PROBLEM TO WORK ON: From the first line to the last, repeat the records exactly and skip the pictures.

SUPPLIED ENTRIES:
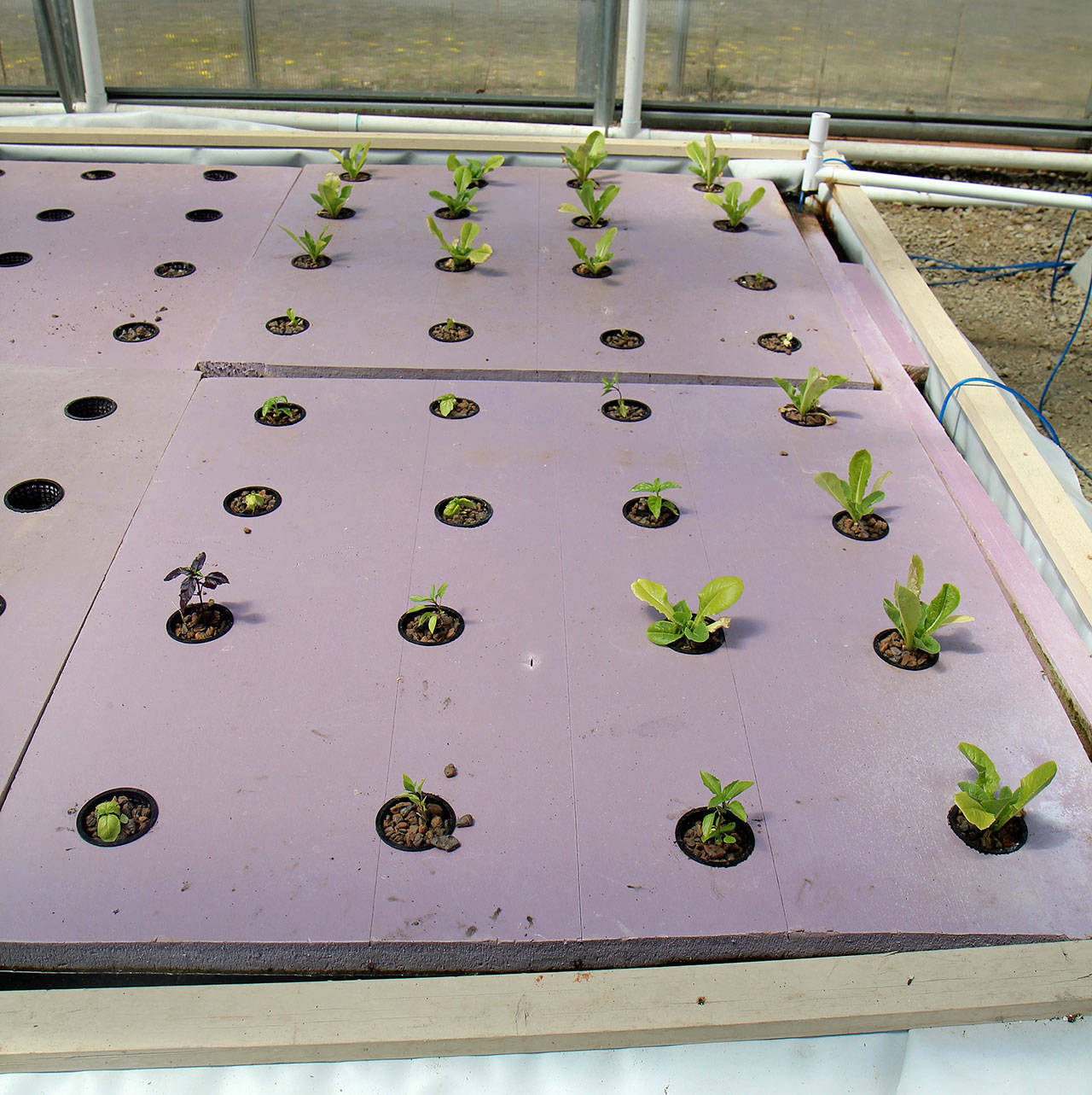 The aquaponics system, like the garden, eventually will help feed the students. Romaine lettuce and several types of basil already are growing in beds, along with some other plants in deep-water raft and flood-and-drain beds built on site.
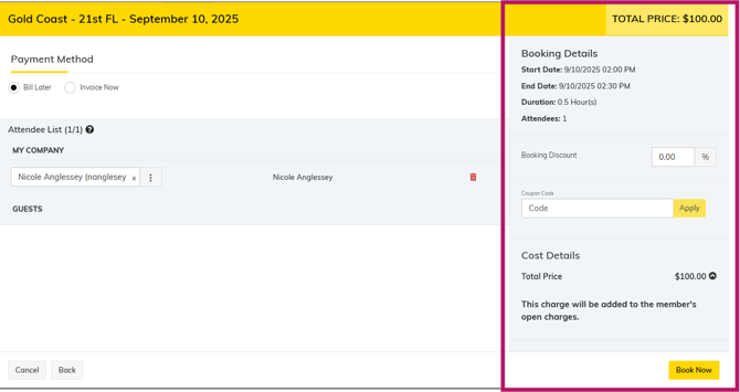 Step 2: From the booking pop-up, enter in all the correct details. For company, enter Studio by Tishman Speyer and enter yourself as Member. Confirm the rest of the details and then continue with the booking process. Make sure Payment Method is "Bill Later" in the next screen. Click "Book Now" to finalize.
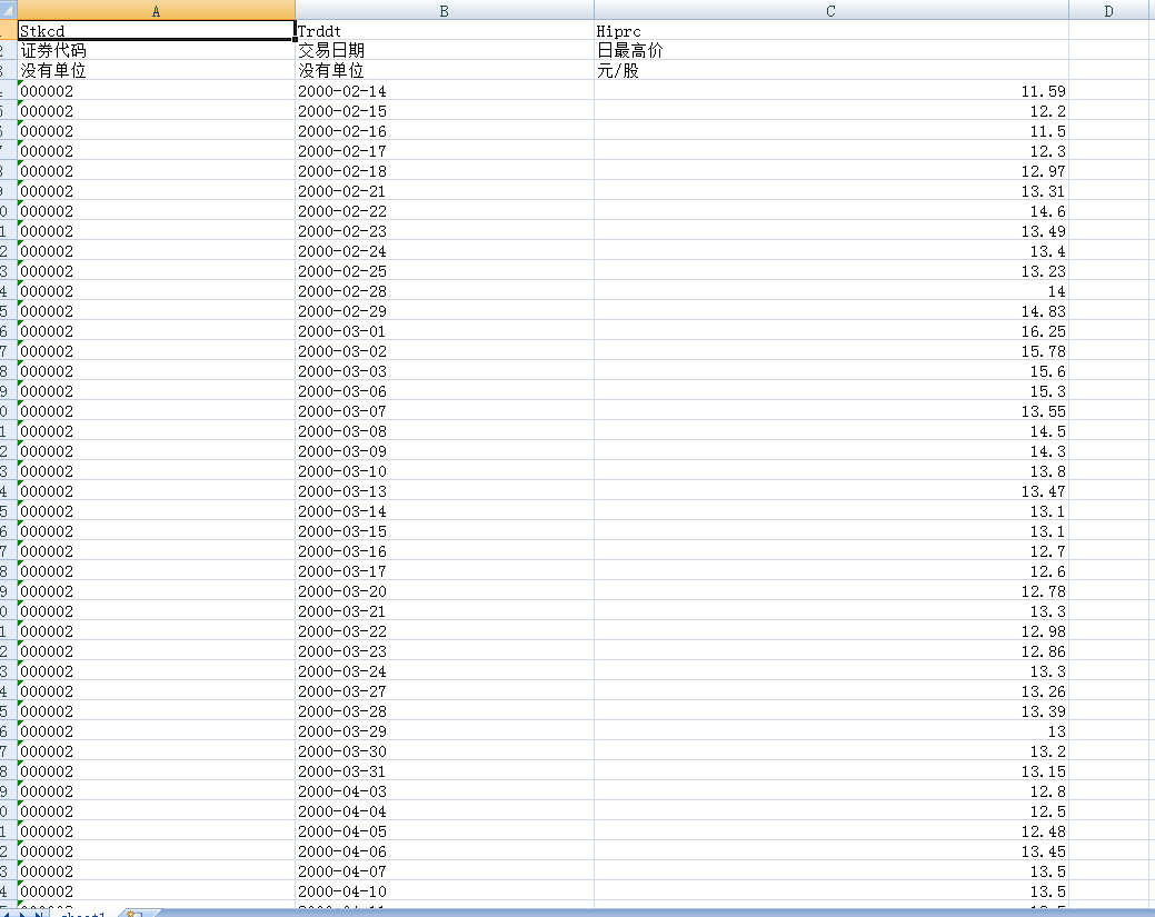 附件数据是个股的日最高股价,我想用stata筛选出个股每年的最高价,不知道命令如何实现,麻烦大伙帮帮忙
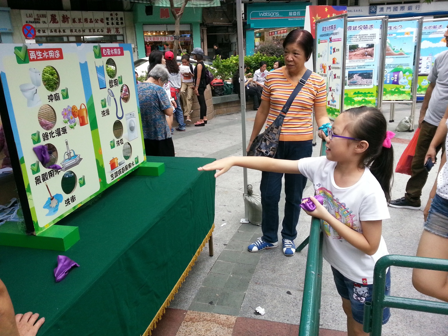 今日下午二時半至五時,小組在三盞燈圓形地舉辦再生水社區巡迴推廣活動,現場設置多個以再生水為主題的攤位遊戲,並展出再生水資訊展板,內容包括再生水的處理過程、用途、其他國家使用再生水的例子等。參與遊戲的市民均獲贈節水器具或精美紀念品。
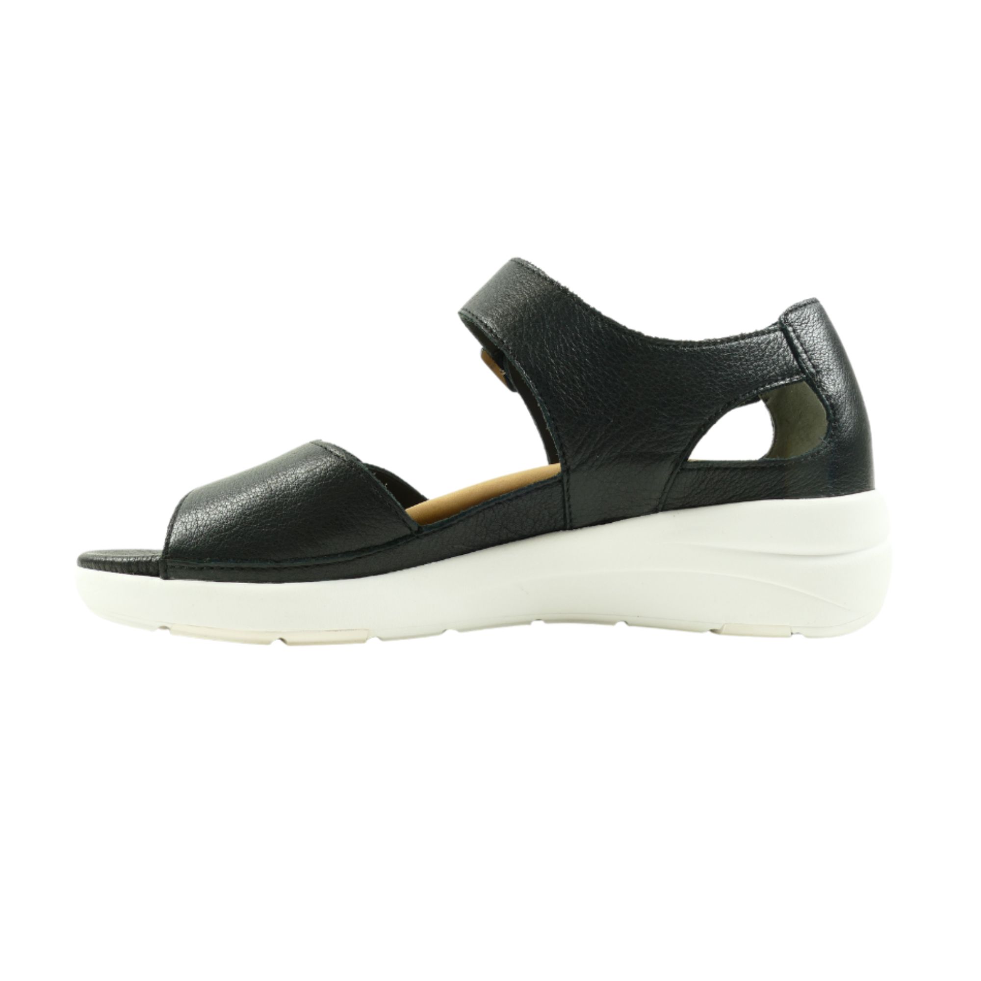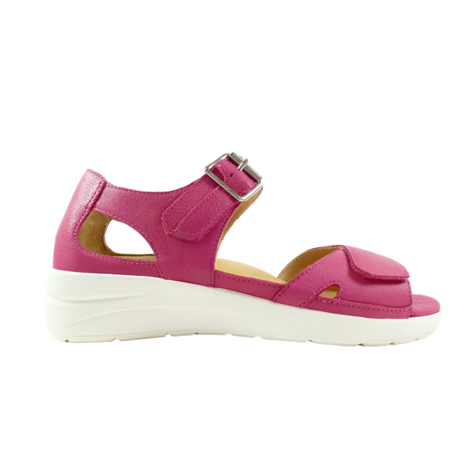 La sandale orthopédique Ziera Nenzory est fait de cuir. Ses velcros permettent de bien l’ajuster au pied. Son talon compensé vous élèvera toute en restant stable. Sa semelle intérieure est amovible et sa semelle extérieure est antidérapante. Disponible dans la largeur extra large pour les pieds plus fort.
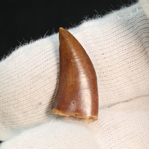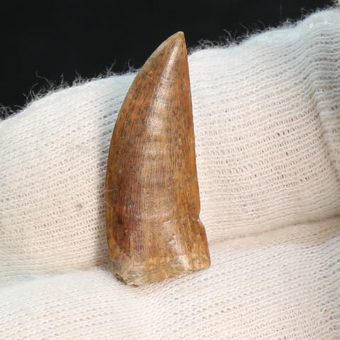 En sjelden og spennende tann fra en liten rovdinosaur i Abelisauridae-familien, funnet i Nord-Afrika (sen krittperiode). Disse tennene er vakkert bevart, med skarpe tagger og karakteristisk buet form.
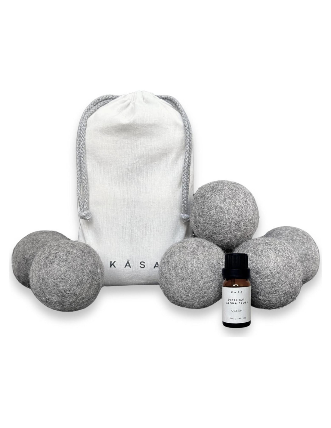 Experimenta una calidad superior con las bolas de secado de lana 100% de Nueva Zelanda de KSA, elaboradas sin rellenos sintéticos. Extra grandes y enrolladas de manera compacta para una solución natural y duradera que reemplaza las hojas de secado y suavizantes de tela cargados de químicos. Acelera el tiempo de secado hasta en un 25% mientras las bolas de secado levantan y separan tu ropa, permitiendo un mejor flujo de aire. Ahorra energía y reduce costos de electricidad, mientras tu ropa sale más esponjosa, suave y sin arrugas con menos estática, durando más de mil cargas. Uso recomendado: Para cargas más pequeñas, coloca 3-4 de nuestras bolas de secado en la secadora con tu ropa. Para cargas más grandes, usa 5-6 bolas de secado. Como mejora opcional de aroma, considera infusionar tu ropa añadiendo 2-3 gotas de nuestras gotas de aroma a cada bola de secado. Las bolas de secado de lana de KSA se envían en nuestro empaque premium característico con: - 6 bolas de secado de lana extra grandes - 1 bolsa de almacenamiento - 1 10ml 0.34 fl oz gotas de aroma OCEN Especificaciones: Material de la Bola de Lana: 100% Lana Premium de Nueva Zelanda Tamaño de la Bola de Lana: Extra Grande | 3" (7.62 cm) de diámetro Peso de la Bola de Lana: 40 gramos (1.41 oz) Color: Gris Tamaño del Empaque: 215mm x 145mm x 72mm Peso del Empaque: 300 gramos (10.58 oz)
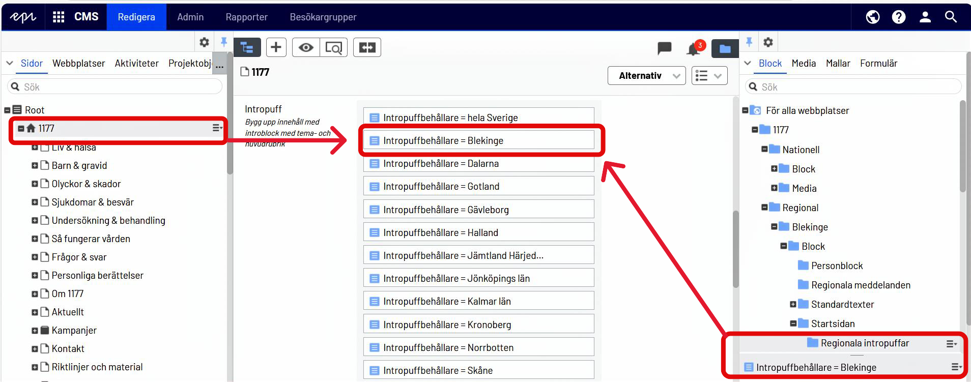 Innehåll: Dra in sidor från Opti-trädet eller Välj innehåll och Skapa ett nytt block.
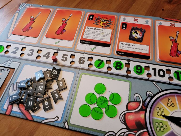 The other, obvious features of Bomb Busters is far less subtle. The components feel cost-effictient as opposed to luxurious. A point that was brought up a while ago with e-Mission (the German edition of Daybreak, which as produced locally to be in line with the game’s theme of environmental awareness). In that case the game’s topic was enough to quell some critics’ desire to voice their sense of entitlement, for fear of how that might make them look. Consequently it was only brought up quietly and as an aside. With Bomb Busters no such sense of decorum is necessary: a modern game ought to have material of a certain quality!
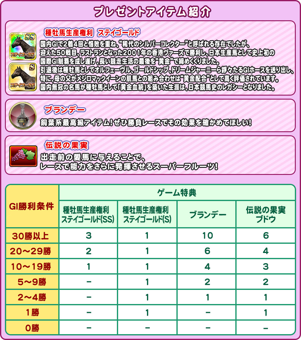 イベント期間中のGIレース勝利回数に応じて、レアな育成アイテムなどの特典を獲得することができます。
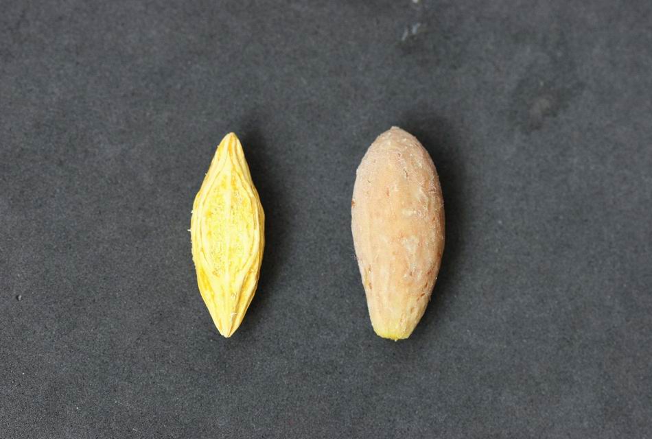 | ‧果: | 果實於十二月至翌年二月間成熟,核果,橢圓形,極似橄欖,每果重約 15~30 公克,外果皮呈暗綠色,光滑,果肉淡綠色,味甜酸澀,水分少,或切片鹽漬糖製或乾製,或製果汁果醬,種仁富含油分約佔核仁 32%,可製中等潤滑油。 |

TASK OUTPUT:
 The aquaponics system, like the garden, eventually will help feed the students. Romaine lettuce and several types of basil already are growing in beds, along with some other plants in deep-water raft and flood-and-drain beds built on site.
 Step 2: From the booking pop-up, enter in all the correct details. For company, enter Studio by Tishman Speyer and enter yourself as Member. Confirm the rest of the details and then continue with the booking process. Make sure Payment Method is "Bill Later" in the next screen. Click "Book Now" to finalize.
 附件数据是个股的日最高股价,我想用stata筛选出个股每年的最高价,不知道命令如何实现,麻烦大伙帮帮忙
 今日下午二時半至五時,小組在三盞燈圓形地舉辦再生水社區巡迴推廣活動,現場設置多個以再生水為主題的攤位遊戲,並展出再生水資訊展板,內容包括再生水的處理過程、用途、其他國家使用再生水的例子等。參與遊戲的市民均獲贈節水器具或精美紀念品。
 La sandale orthopédique Ziera Nenzory est fait de cuir. Ses velcros permettent de bien l’ajuster au pied. Son talon compensé vous élèvera toute en restant stable. Sa semelle intérieure est amovible et sa semelle extérieure est antidérapante. Disponible dans la largeur extra large pour les pieds plus fort.
 En sjelden og spennende tann fra en liten rovdinosaur i Abelisauridae-familien, funnet i Nord-Afrika (sen krittperiode). Disse tennene er vakkert bevart, med skarpe tagger og karakteristisk buet form.
 Experimenta una calidad superior con las bolas de secado de lana 100% de Nueva Zelanda de KSA, elaboradas sin rellenos sintéticos. Extra grandes y enrolladas de manera compacta para una solución natural y duradera que reemplaza las hojas de secado y suavizantes de tela cargados de químicos. Acelera el tiempo de secado hasta en un 25% mientras las bolas de secado levantan y separan tu ropa, permitiendo un mejor flujo de aire. Ahorra energía y reduce costos de electricidad, mientras tu ropa sale más esponjosa, suave y sin arrugas con menos estática, durando más de mil cargas. Uso recomendado: Para cargas más pequeñas, coloca 3-4 de nuestras bolas de secado en la secadora con tu ropa. Para cargas más grandes, usa 5-6 bolas de secado. Como mejora opcional de aroma, considera infusionar tu ropa añadiendo 2-3 gotas de nuestras gotas de aroma a cada bola de secado. Las bolas de secado de lana de KSA se envían en nuestro empaque premium característico con: - 6 bolas de secado de lana extra grandes - 1 bolsa de almacenamiento - 1 10ml 0.34 fl oz gotas de aroma OCEN Especificaciones: Material de la Bola de Lana: 100% Lana Premium de Nueva Zelanda Tamaño de la Bola de Lana: Extra Grande | 3" (7.62 cm) de diámetro Peso de la Bola de Lana: 40 gramos (1.41 oz) Color: Gris Tamaño del Empaque: 215mm x 145mm x 72mm Peso del Empaque: 300 gramos (10.58 oz)
 Innehåll: Dra in sidor från Opti-trädet eller Välj innehåll och Skapa ett nytt block.
 The other, obvious features of Bomb Busters is far less subtle. The components feel cost-effictient as opposed to luxurious. A point that was brought up a while ago with e-Mission (the German edition of Daybreak, which as produced locally to be in line with the game’s theme of environmental awareness). In that case the game’s topic was enough to quell some critics’ desire to voice their sense of entitlement, for fear of how that might make them look. Consequently it was only brought up quietly and as an aside. With Bomb Busters no such sense of decorum is necessary: a modern game ought to have material of a certain quality!
 イベント期間中のGIレース勝利回数に応じて、レアな育成アイテムなどの特典を獲得することができます。
 | ‧果: | 果實於十二月至翌年二月間成熟,核果,橢圓形,極似橄欖,每果重約 15~30 公克,外果皮呈暗綠色,光滑,果肉淡綠色,味甜酸澀,水分少,或切片鹽漬糖製或乾製,或製果汁果醬,種仁富含油分約佔核仁 32%,可製中等潤滑油。 |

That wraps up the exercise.